The feature seems to be a very limited test that uses AI to generate suggestions for headlines and description texts. Notably, when Google Ads Liaison Ginny Martin confirmed that the ad platform is testing AI tools, it is “unrelated to Bard”, Google’s recently released AI system. 

From user reports, the AI tool helps to create responsive search ads within Google Ads. 

Responsive search ads are a type of ad option that already uses machine learning to optimize your ad for those who see it using a premade set of headlines and descriptions. 

In this small beta test, users can instead let AI create headlines and descriptions suggestions based on information about your business. Specifically, the prompt asks you to “describe the product or service you’re advertising and what makes it unique in a few sentences.”

You can then select from the suggestions Google offers or decide to write your own.
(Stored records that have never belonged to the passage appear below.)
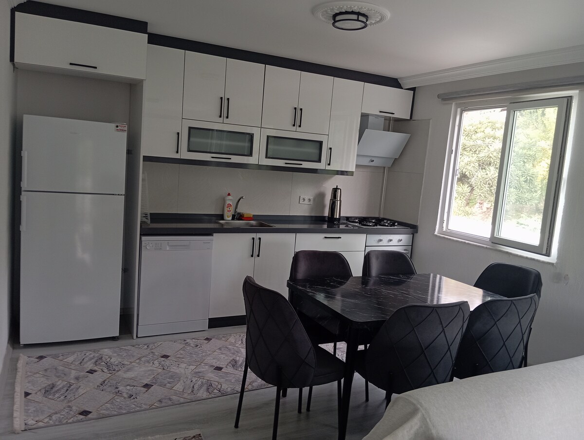 Bungaló uathúil i ngairdín oráiste agus líomóide soiniciúil shocair. San iarnóin, siúlóidí san aer úr cois farraige in Akyaka 10 nóiméad sa charr ón teach, siúlóid san fhoraois ghiúise díreach taobh thiar de, marcaíocht ar chapall sa chobhsaí. Sa tráthnóna is féidir leat féachaint ar an tsraith Netflix is fearr leat agus do scíth a ligean i jacuzzi téite. Ollmhargadh agus siopa alcóil 10 nóiméad de shiúl na gcos.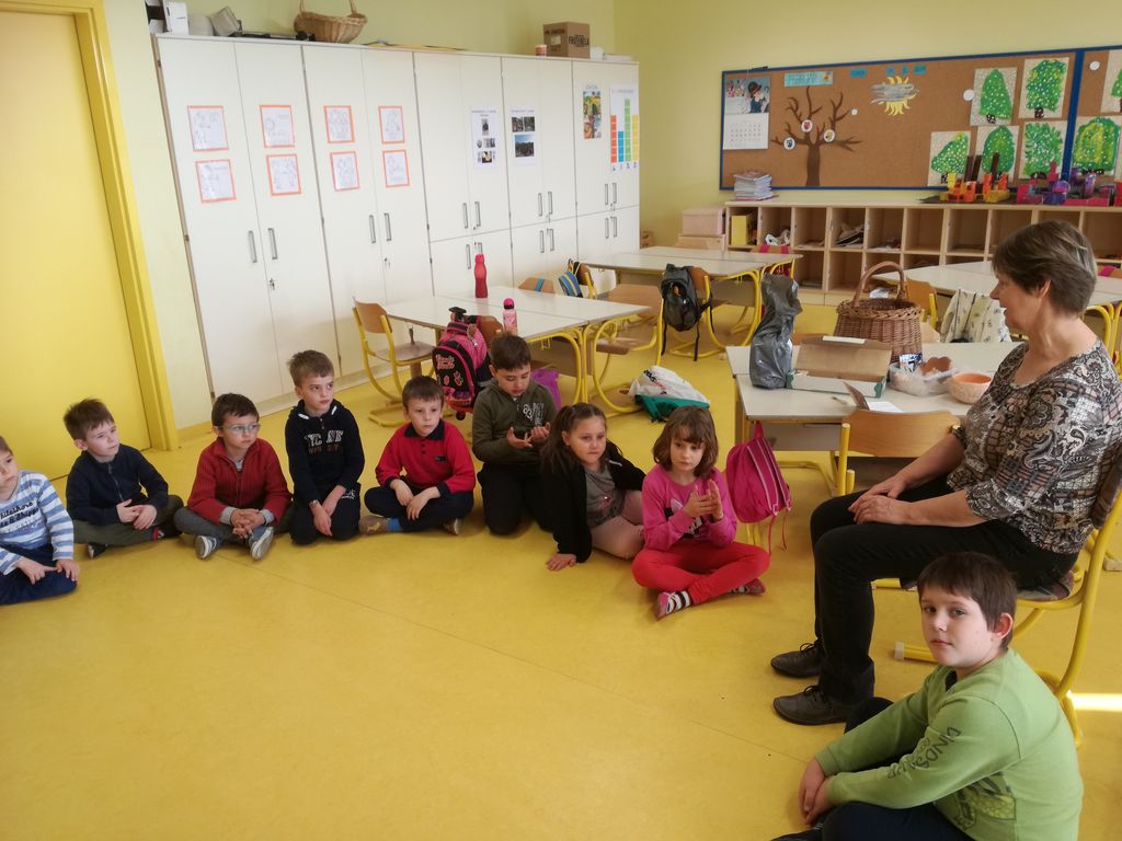 V prvih razredih smo gostili upokojeno učiteljico go. Klavdijo Štrancar. Učenci so prisluhnili zanimivemu pripovedovanju pravljice. Z različnimi živalmi, ki so iskale ime čudovitega drevesa, so potovali v svet domišljije. Četrtošolcem pa je prebrala zgodbo o violinistu. Nato pa so še ustvarjali likovna dela z ogljem.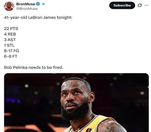面對這樣一場失利,賽后湖人媒體BronMuse曬出詹姆斯本場數據,17投8中拿下22分4板3助1搶斷,并配文:“佩林卡該被炒魷魚了。”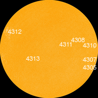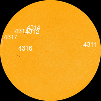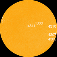 С 17 по 21 декабря в северной полусфере находилась малоактивная группа пятен 4311 с площадью 60-10 МДП,

It is unclear how soon you can expect to see this feature rolled out to more advertisers but it shows that Google is seriously working to utilize AI technology in every area of its platform, including Google Ads.

Google has started giving users in the US and UK access to Google Bard, its answer to Bing and ChatGPT’s AI chat tools. The company is doing a gradual rollout through a waitlist at bard.google.com

What Is Bard?

Bard is a generative AI. That means it will generate content for you based on prompts that you submit through a chatbot. 

In today’s announcement (partially written with the help of Bard), the company suggested a variety of ways users might be able to take advantage of the AI tool:

“You can use Bard to boost your productivity, accelerate your ideas and fuel your curiosity. You might ask Bard to give you tips to reach your goal of reading more books this year, explain quantum physics in simple terms or spark your creativity by outlining a blog post.”

Is Bard an AI Search Tool?

Yes and no. 

Bard is something of a complementary tool to Google’s search engine. While it is not directly integrated into Google Search, it is “designed so that you can easily visit Search to check its responses or explore sources across the web.”

Along with suggesting queries, you can immediately open a new tab with search results for a given query. 

At the same time, Bard is not considered a direct part of Google search. Instead, the company suggests it will be adding other AI tools to its search engine in the future. 

Bard Is In Early Stages

Throughout the announcement, Google repeatedly described Bard as an early experiment, As with Bing’s AI tools, Bard is likely to have some early quirks and weirdness as users get their hands on it. 

Additionally, Google pointed out that the AI tool is far from perfect. It can get information wrong or phrase things in misleading ways. Some of these errors may be small. In Google’s example, Bard got the scientific name for a plant wrong – Zamioculcas zamiifolia, not Zamioculcas zamioculcas. However, the company cautions it may be inaccurate in other ways.

Still, it will be fun to see what Bard can do now that it is coming to the public.